MaxPerSession float64
// Maximum cumulative spend per period (persisted).
MaxPerPeriod float64
// Period duration for MaxPerPeriod (e.g. 720h = 30 days).
Period time.Duration
// Budget scope identifier for per-period tracking.
// E.g. "user:u-12345" for per-user, "team:eng" for per-team.
// Required when MaxPerPeriod is set.
Scope string
// ISO 4217 currency code. Default: "USD".
Currency string
}

The simplest layer. Before querying any Exchange, the SDK checks whether the MaxPerRequest budget can accommodate the request. After offer selection, it checks the actual offer price:

// Pre-flight: is this request even possible?
if !budget.CanSpend(config.Budget.MaxPerRequest) {
return BudgetExceededError{Layer: "per_request", ...}
}
// Post-selection: does the specific offer fit?
if offer.Pricing.Rate > config.Budget.MaxPerRequest {
return BudgetExceededError{Layer: "per_request", ...}
}

Tracks cumulative spend across the lifetime of a Client instance. Resets when the client is created (no persistence).

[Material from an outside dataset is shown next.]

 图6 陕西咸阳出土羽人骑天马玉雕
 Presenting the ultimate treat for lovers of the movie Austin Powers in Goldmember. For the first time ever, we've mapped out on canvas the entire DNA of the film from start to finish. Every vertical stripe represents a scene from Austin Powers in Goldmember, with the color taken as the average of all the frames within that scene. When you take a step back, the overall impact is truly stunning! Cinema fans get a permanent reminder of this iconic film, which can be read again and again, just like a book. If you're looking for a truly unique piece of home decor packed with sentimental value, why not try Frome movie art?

Thread safety: the session counter uses atomic.AddInt64.

// Before transaction
if sessionSpent + offer.Rate > config.Budget.MaxPerSession {
return BudgetExceededError{Layer: "per_session", ...}
}
// After successful transaction
atomic.AddInt64(&sessionSpent, int64(txn.Cost.Amount * 10000)) // fixed-point

Tracks cumulative spend across a calendar period (e.g., 30 days). Persisted to survive restarts.

Default persistence: local JSON file at ~/.ramp/budget/<scope>.json:

u-12345.json
{
"scope": "user:u-12345",
"period_start": "2026-03-01T00:00:00Z",
"period_duration": "720h",
"currency": "USD",
"spent": 4.27,
"limit": 50.00
}

Multi-process agents: configure a shared Redis instance via Config.Budget.RedisURL for shared budget state across processes.

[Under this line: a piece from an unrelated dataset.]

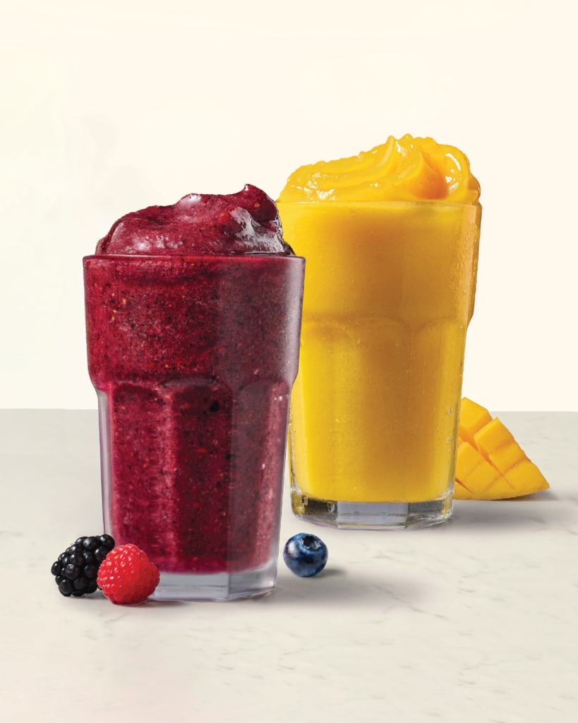 If it’s too warm for your standard hot drink, try switching it up with one of our new fruit frappe options. 🫐 Mixed Berry and🥭Tropical Mango!

Thread safety: the period tracker uses a mutex for read-check-write.

When any budget layer is exceeded, the SDK returns a typed error before making any network call:

type BudgetExceededError struct {
Layer string // "per_request", "per_session", "per_period"
Limit float64
Current float64
Requested float64
Currency string
}
  • Budget limits are enforced client-side. They protect the agent operator from runaway spend.
  • The Exchange independently enforces its own credit/balance limits server-side.
  • Both layers must agree for a transaction to proceed.
  • The SDK checks budget BEFORE making any network call to the Exchange.
func TestBudgetTracker_PerSession(t *testing.T) {
bt := budget.NewTracker(budget.Config{
MaxPerRequest: 0.10,
MaxPerSession: 0.50,
Currency: "USD",
})
// First four requests: ok
for i := 0; i < 4; i++ {
require.NoError(t, bt.Check(0.10))
bt.Record(budget.Cost{Amount: 0.10, Currency: "USD"})
}
// Fifth request: would exceed session limit
err := bt.Check(0.10)
require.ErrorAs(t, err, &ramp.BudgetExceededError{})
assert.Equal(t, "per_session", err.(*ramp.BudgetExceededError).Layer)
}

The SDK automatically submits usage reports after each successful Fetch. This is the default behavior (Config.Reporting.AutoReport = true).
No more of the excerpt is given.